List of printers that support Apple’s AirPrint grows rapidly

“The official list of AirPrint supported printers has grown,” Patrick Jordan reports for iPad Insight.

“Actually it has grown quite a lot, and there are now printers from Canon, Epson, and Lexmark supported – as well as a greater number of printers from Hewlett Packard,” Jordan reports. “As recently as late June of this year, there were only a total of 27 AirPrint supported printers – and all just from one manufacturer, HP.”
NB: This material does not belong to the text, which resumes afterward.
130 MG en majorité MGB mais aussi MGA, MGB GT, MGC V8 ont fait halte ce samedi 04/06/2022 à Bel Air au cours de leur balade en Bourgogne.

Jordan reports, “Now – after the list was updated on November 14 –there are 100 printers supported… Overall we’ve got nearly four times as many supported printers, and four times as many manufacturers as there were at the end of June.”

Read more in the full article here.

[Thanks to MacDailyNews Reader “Lava_Head_UK” for the heads up.]

16 Comments

  1. I’ve been experimenting at ou school with AirPrint Activator which seems to make any network accessible printer avaiable to AirPrint users. Anyone else tried it or have other solutions.
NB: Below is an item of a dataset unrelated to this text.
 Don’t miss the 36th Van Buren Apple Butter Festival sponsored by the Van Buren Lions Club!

    1. Yep. Works great, and the latest version does not require you to remove all printers and then activate it and reinstall printers. The only problem is there has to be a Mac on and awake with AirPrint Activator running, as opposed to a printer which can communicate with an iOS device directly.
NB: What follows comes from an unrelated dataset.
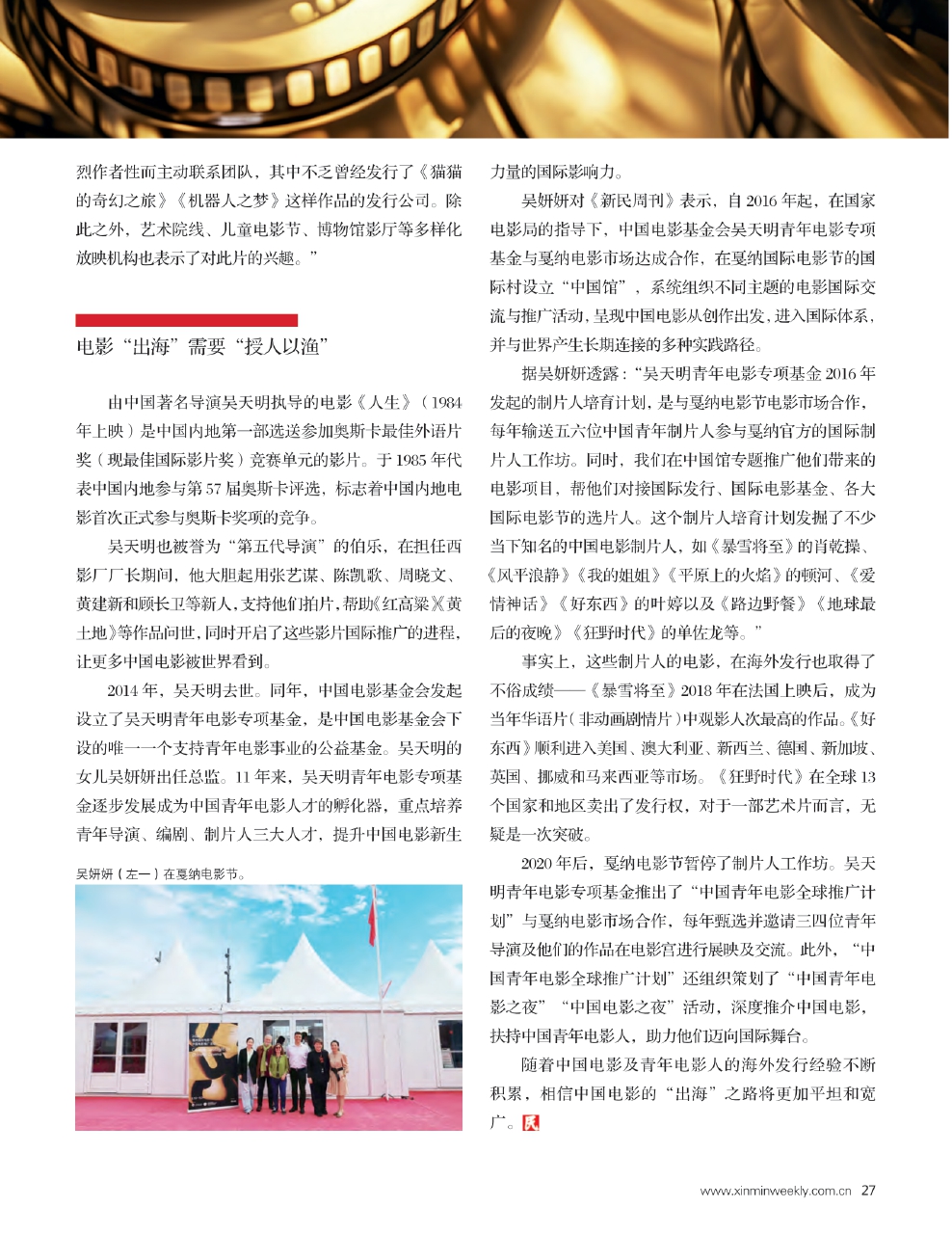 吴妍妍对《新民周刊》表示,自2016年起,在国家电影局的指导下,中国电影基金会吴天明青年电影专项基金与戛纳电影市场达成合作,在戛纳国际电影节的国际村设立“中国馆”,系统组织不同主题的电影国际交流与推广活动,呈现中国电影从创作出发,进入国际体系,并与世界产生长期连接的多种实践路径。

      Since I have none of those, AirPrint Activator is definitely the next best thing. There’s a Windows version I hear too, but I don’t know how that one works.

    2. I’d been using AirPrint Activator (formerly AirPrint Hacktivator) since it was first released. It’s an excellent workaround.

      Then my Lexmark and Epson printers died on the same day. Now I have a hard core Canon all-in-one that natively handles AirPrint and I am enjoying much happiness. 😎

  2. I’ve been experimenting at our school with AirPrint Activator which seems to make any network accessible printer avaiable to AirPrint users. Anyone else tried it or have other solutions.

  3. You can not use AirPrint with Wi-Fi IP isolation. That pretty much ruins the function in large schools or business with security in mind. Bonjour is also not routable, another lost technical spec that prevents AirPrint from working in large networks.

  4. AirPrint… Great… WTF is wrong with Apple loosening up their cheeks and actually supporting an open standard like IPP? It’s not like IPP hasn’t been around for 20+ years or something. Apple supports it on the desktop, why not on the iPad?

  5. When AirPrint was in beta, they released Mac drivers so that any printer would work through a Mac on a LAN. They ended up pulling that feature right before release, but I still have it set up so that the wife can print from her iPhone, woohoo. You know how many times she’s used it? To this day, zero times. I used it once to test it. Again, woohoo.